- Directed by: Ken Annakin
- Written by: Harold Huth Patrick Kirwan Harold Swanton
- Based on: story by Harold Swanton
- Produced by: Harold Huth
- Starring: Richard Todd Anne Aubrey Jamie Uys Marty Wilde James Booth Lionel Jeffries
- Cinematography: Ted Moore
- Edited by: Bert Rule
- Music by: Larry Adler
- Production companies: Irving Allen Productions Jamie Uys Film Productions
- Distributed by: Columbia Pictures
- Release date: 2 November 1961 (London);
- Running time: 86 minutes
- Countries: United Kingdom South Africa
- Language: English

= The Hellions =

1961 British film directed by Ken Annakin

The Hellions is a 1961 British Western film directed by Ken Annakin starring Richard Todd, Anne Aubrey, Lionel Jeffries, Ronald Fraser and Colin Blakely. It was written by Harold Huth, Patrick Kerwan and Harold Swanton, and set and filmed in South Africa.

==Plot==
A lone law enforcement officer, Sam Hargis, battles criminals in South Africa when Luke Billings and his four sons ride into town to get revenge on Hargis for a previous clash, when he ran Luke out of town.

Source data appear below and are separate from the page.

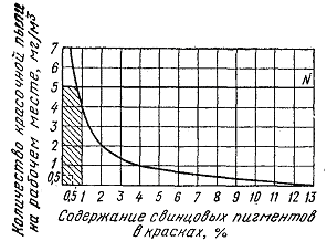 2.6. Применение лакокрасочных материалов с содержанием в них свинцовых пигментов допускается в количестве до одного процента при окраске изделий методами ручного распыления, а с более высоким содержанием свинца - при условии обеспечения в воздухе рабочих помещений до предельно допустимой концентрации красочной пыли в количестве, соответствующем данным рис. 1, но не более 5,0 мг/м3.
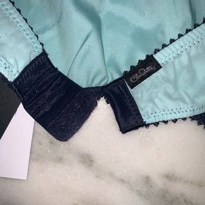 Claudette Dessous Paramour Satin and mesh garter belt. Made to match the paramour bra and knicker set in a Beautiful combination of Sea-foam and French Navy. This had dyed to match elastic stocking holders, color matched metal hardware and Claudettes signature Grosgrain bow. Double hook and eye closure
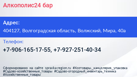 Алкополис24, бар по адресу 404127, Волгоградская область, Волжский, Мира, 40а в дальнейшем Организация, размещена в следующих категориях:
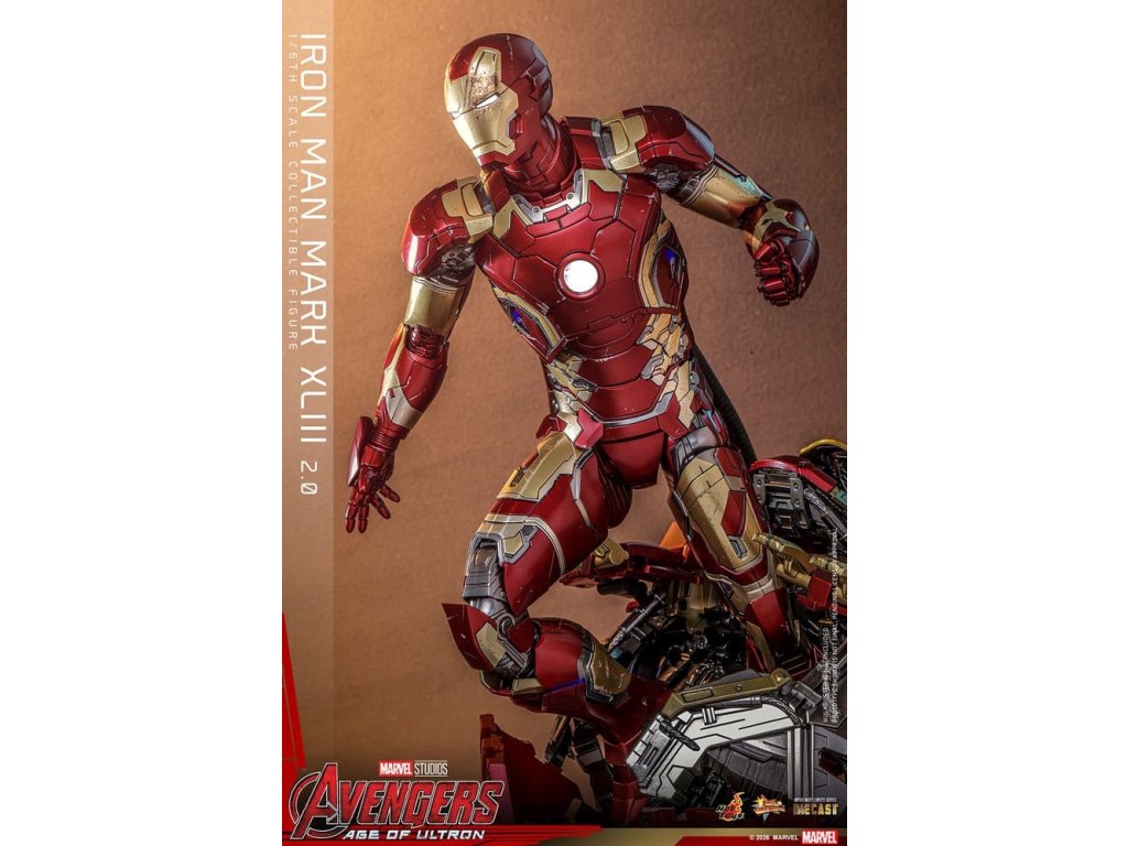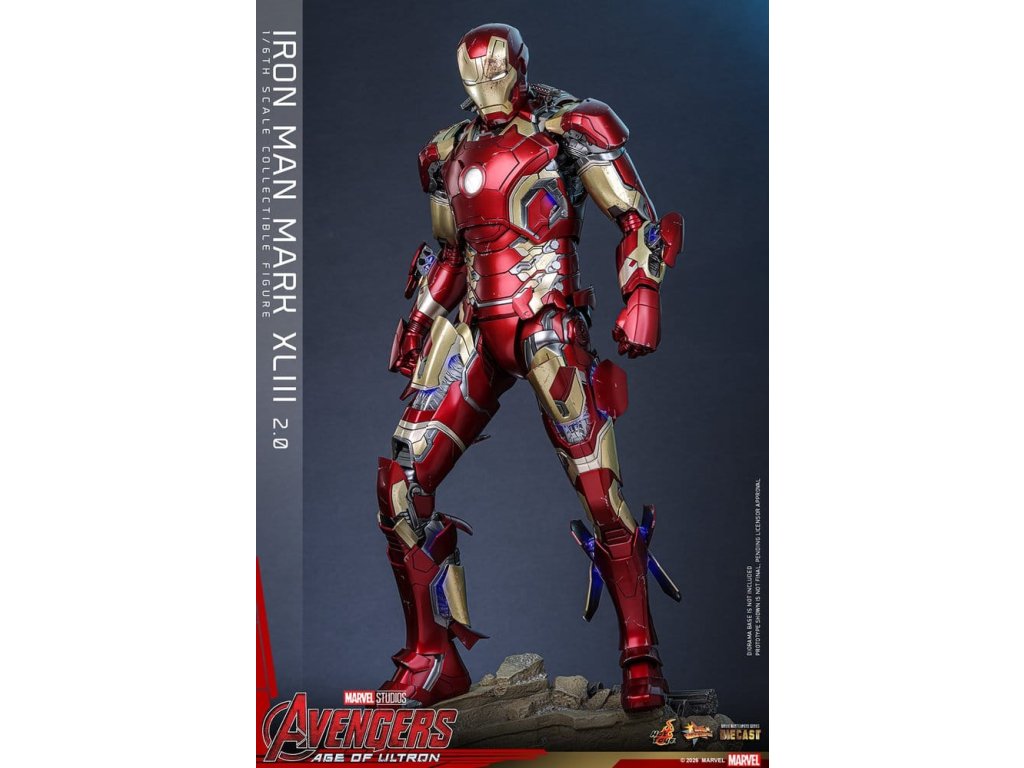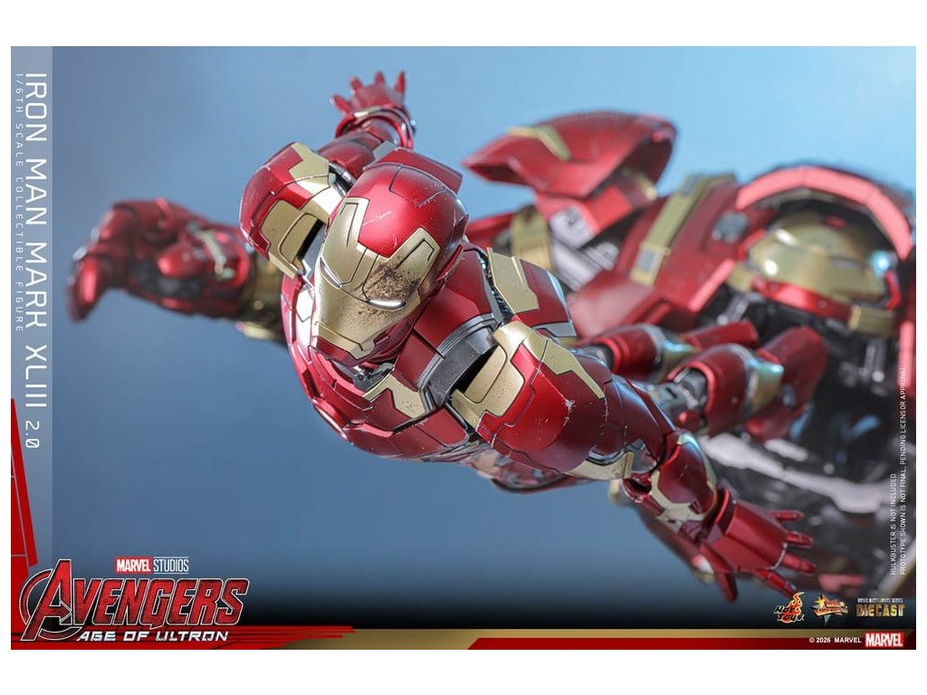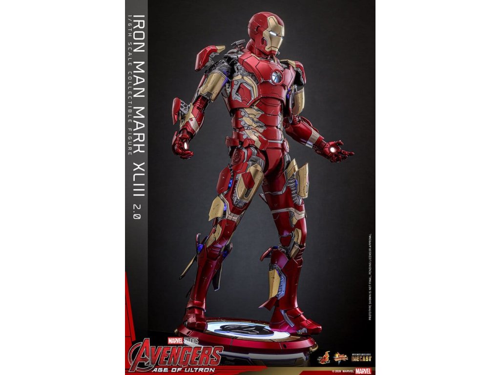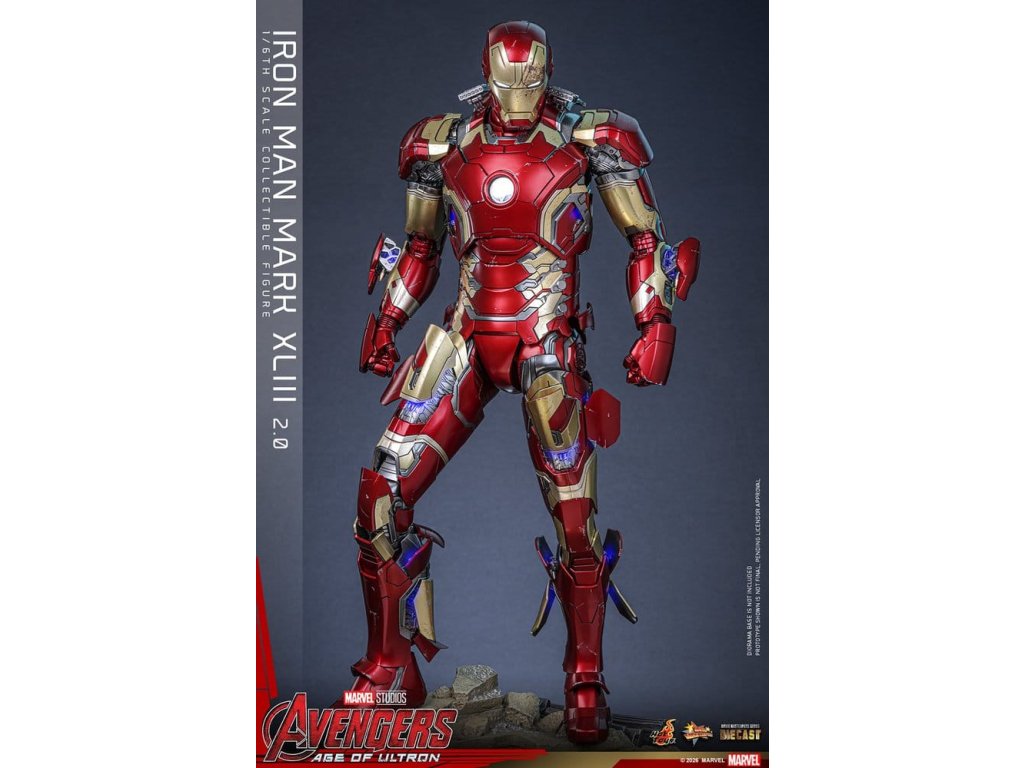 "Ve skutečnosti je šéfem on. Já jen všechno platím a navrhuji, a dělám, že všichni vypadají cool." - Tony StarkBrnění Mark XLIII, které debutuje v akcí nabité úvodní scéně Avengers: Age of Ultron, patří mezi nejikoničtější brnění Tonyho Starka. Je známé svým elegantním designem a návratem klasické červené a zlaté barevné schématy a v tomto filmu hrálo klíčovou roli.Sideshow a Hot Toys s potěšením oficiálně uvádí vysoce očekávanou sběratelskou figuru Iron Man Mark XLIII (2.0) v měřítku 1/6. Tato figura v šesté velikosti byla oživena s neuvěřitelnou pozorností k detailem, představuje přesnou hlavu Tonyho Starka vybavenou oddělenými otáčecími očima a bojem poškozenými malířskými aplikacemi, které přinášejí postavu Roberta Downeyho Jr. do života jako nikdy předtím. Helmetová figurka Iron Mana s funkcí LED osvětlení a dvěma výměnnými obličeji (normální a poškozený v boji) je také součástí balení pro alternativní možnosti zobrazení.Červená, zlatá a stříbrná odlitá brnění s efektem otěru zachycují intenzitu bitvy. LED osvětlené oči, arc reaktor, repulsory a zadní strana svítí bílým světlem, zatímco modré světlo prosvítá stranami hrudníku, předloktí a nohou - napájené systémem, který pohodlně využívá jediný USB-C port pro moderní setup. Mark XLIII (2.0) je vybaven výměnnými částmi brnění, včetně raket magneticky připevnitelných na předloktí a ramenní střely. Figurka Iron Mana odpočívá na speciálně navrženém stojanu s LED osvětlením, na kterém je logo Avengers.Předobjednávejte teď a vylepšete svou sbírku Iron Mana a Avengers touto definitivní verzí Mark XLIII!
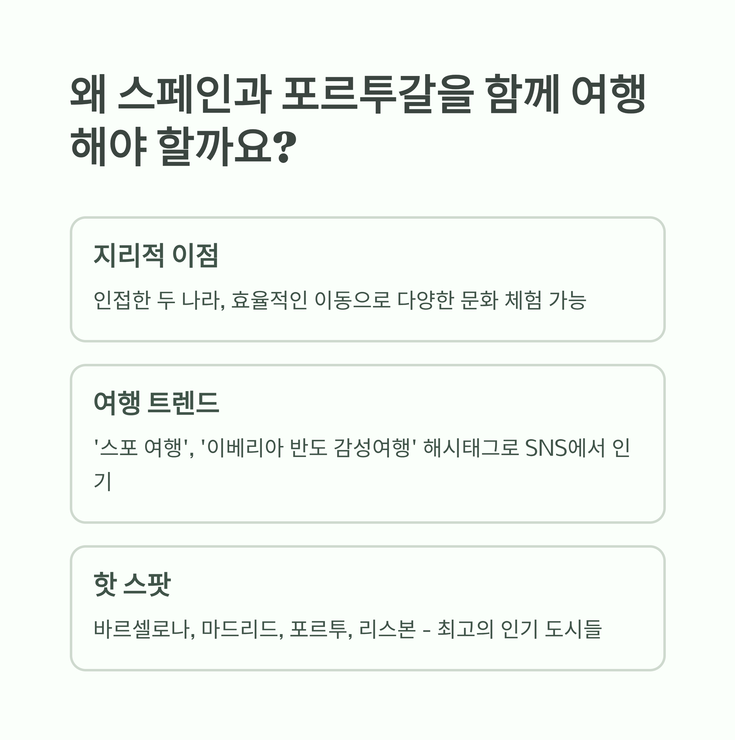 바로 스페인과 포르투갈입니다. 두 나라는 인접해 있어 이동이 용이하면서도
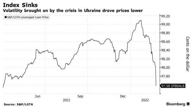 几个月来,美国的杠杆贷款一直是企业信贷中相对安全的避风港,但随着乌克兰冲突引发的紧张局势继续在市场上显现,杠杆贷款价格已经大幅下跌。
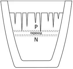 Вскоре Скафф и Ол буквально увидели этот барьер: травление азотной кислотой вскрыло видимую глазу границу между двумя слоями кремния[17]. Скафф и Ол дали этим слоям новые названия: «кремний p-типа» (от англ. positive, положительный) и «кремний n-типа» (negative, отрицательный), в зависимости от направления тока в изготавливаемых из этих слоёв детекторах[17]. Барьерная зона получила название p-n-переход[18]. Постепенно Ол, Скафф и Тойерер пришли к пониманию того, что тип проводимости кремния определяется не его чистотой, а, напротив, присутствием характерных примесей[18]. Более лёгкие элементы подгруппы бора должны были сосредотачиваться в верхнем слое расплава, более тяжёлые элементы подгруппы азота — в центре тигля[18]. Действительно, химический анализ кремния p-типа выявил следы бора и алюминия, а присутствие фосфора в грубо очищенном кремнии n-типа ощущалось и без приборов — при обработке такого кремния выделялся фосфин[18].
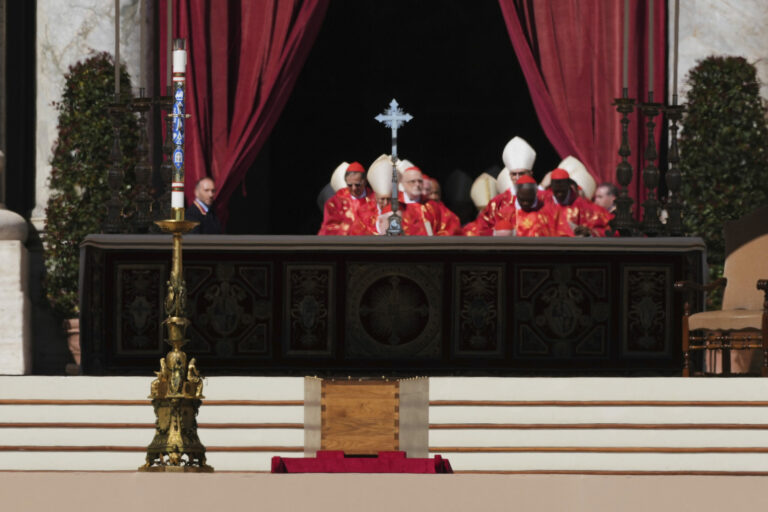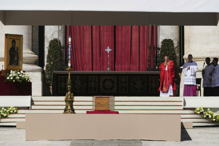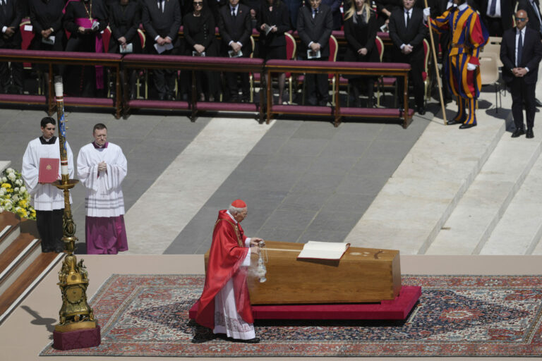 Pobrebné obrady za zosnulého pápeža Františka vedie kardinál Giovanni Battista Re. Vatikán, 26. apríl 2025. Foto: SITA/AP.

At first, the locals leave all of the fighting to Hargis, saying that it is his sole responsibility. However, after the Billings kill two innocent residents, some of them arm themselves and shoot dead all the Billings except Luke who, during a fist fight with Hargis, falls from a roof and is killed.

==Cast==
- Richard Todd as Sam Hargis
- Anne Aubrey as Priss Dobbs
- Jamie Uys as Ernie Dobbs
- Marty Wilde as John Billings
- Lionel Jeffries as Luke Billings
- James Booth as Jubal Billings
- Al Mulock as Mark Billings
- Colin Blakely as Matthew Billings
- Zena Walker as Julie Hargis
- Ronald Fraser as Frank

==Production==
In June 1960 Warwick announced it would not make films through major studios but would produce and distribute films itself with a slate of pictures worth $8 million a year: "three big films a year" plus eight others which it would finance through Eros (that would cost an estimated $3 million). Warwick's first new film would be The Long Ships, a $3.5 million spectacle, following by The Heillions. Both would be shot in Yugoslavia.

In May 1961, there were widespread reports that Albert R. Broccoli and Irving Allen would split up. Broccoli admitted that they disagreed on certain projects and that Allen would be making The Hellions by himself while Broccoli would make his own film in Africa but said that the men would reunite to make Cromwell.

The film was offered by Warwick Productions to Ken Annakin, who agreed to direct as he had fond memories of South Africa from another film, Nor the Moon by Night. He also had wanted to direct another Western, The Singer Not the Song but been unable to get the job. Anne Aubrey had appeared in a number of Warwick Films.

===Shooting===
Filming took place in Brits, a small town north of Pretoria. Annakin decided to make the film " as a spoof of the normal American Western. With many laughs and broad gags – such as were used so successfully years later in Cat Ballou. We proceeded to shoot the film this way." Annakin fell so ill with polio during the shoot he was unable to make it on set so Harold Huth and his assistant Clive Reed took over and directed under Annakin's instructions from the hospital bed. It took Annakin months to recover. Richard Todd recalled James Booth in particular was difficult for Huth. Nonetheless, Todd was excited by the possibilities of filming in South Africa and went on to make more films there.

==Reception==
The Monthly Film Bulletin wrote: "Woefully unoriginal Western set in South Africa, unconvincingly staged and plotted, tediously violent, uncertainly directed by Ken Annakin and very badly acted."

The New York Times called it "High Noon on the veldt... wide screen drivel."

Annakin later wrote " Most of the critics panned the film for being uneven – which was not surprising since I had directed big portions of the scenes tongue-in-cheek while Harold Huth and Clive Reed, God bless them, had loyally tried to complete them but somehow had allowed everything to be played straight"

==Bibliography==
- Annakin, Ken (2001). "So you wanna be a director?"